Perhaps you can find the soul of the grind in skateboarding's surfing origins, in the way surfers crave not just the momentum of the ride but the feel of the waves beneath their feet, the way they challenge and express themselves by pushing against the tidal forces of the waves that propel them in cutbacks and other turns. Grinding is also largely about the "feel". As earlier stated, its an act of connection, of "being grounded" on your board in an almost literal manner. It's, like, about connecting to the Earth, man...

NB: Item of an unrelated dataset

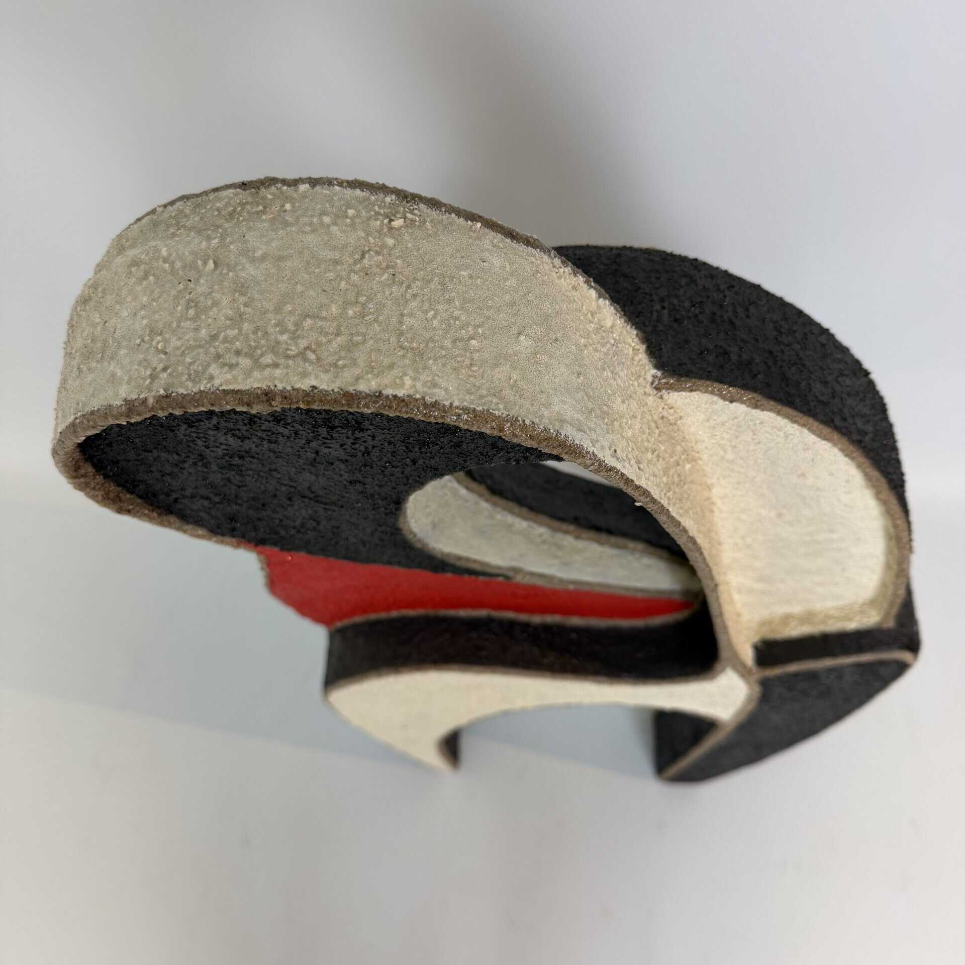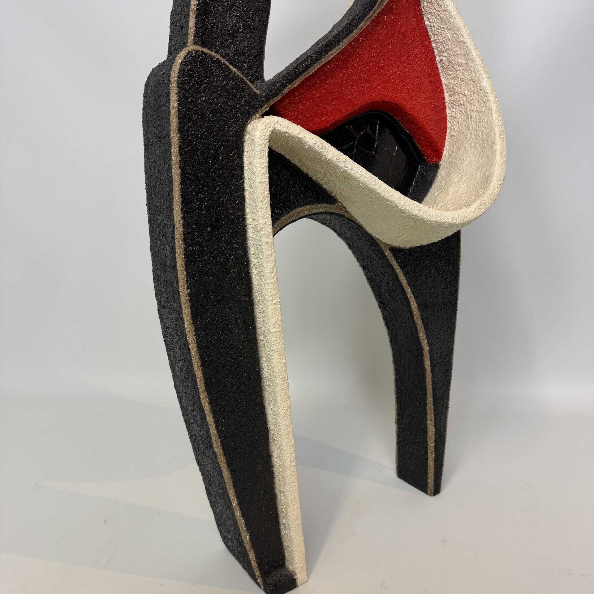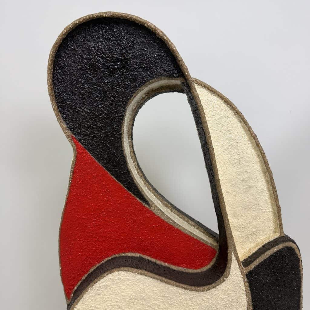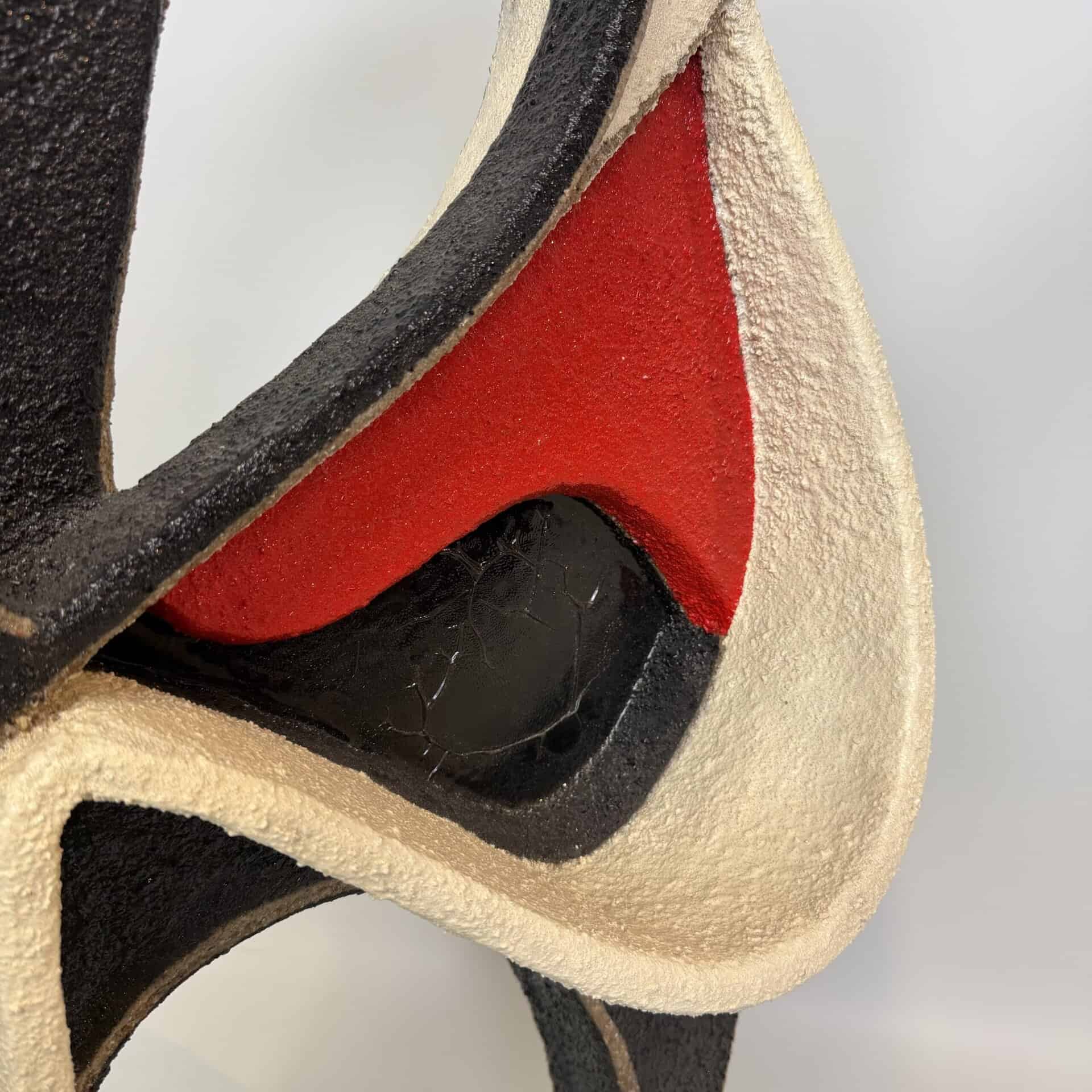 Granular black and cream or off-white texture and a smooth, vibrant red section that cuts diagonally across the center-left

In a more philosophical sense, though, it is the fact that grinding is the exact wrong way to ride a skateboard that may be the key to it all. The skateboard itself is nonsensical vehicle, and for many of us just standing up and pushing around on a board was enough for our peers and parents to ask why on earth we would ever bother.  The secret power of the skateboard is that it's meant to be ridden "the wrong way" because riding it at all is wrong. Every trick, whether it is a 60's freestyler inverting himself in a handstand, or a modern skater riding switch, is about riding a skateboard "wrong". The grind is as wrong as it gets, but we do it anyway to show that we can, to show we are not bounded even by the basic limits of the skateboard itself. In that context, grinding your trucks will always feel right, original sin be damned.




4 comments:

  1. Great freaking article Kyle. Perhaps the best one yet. Cant wait for the next one.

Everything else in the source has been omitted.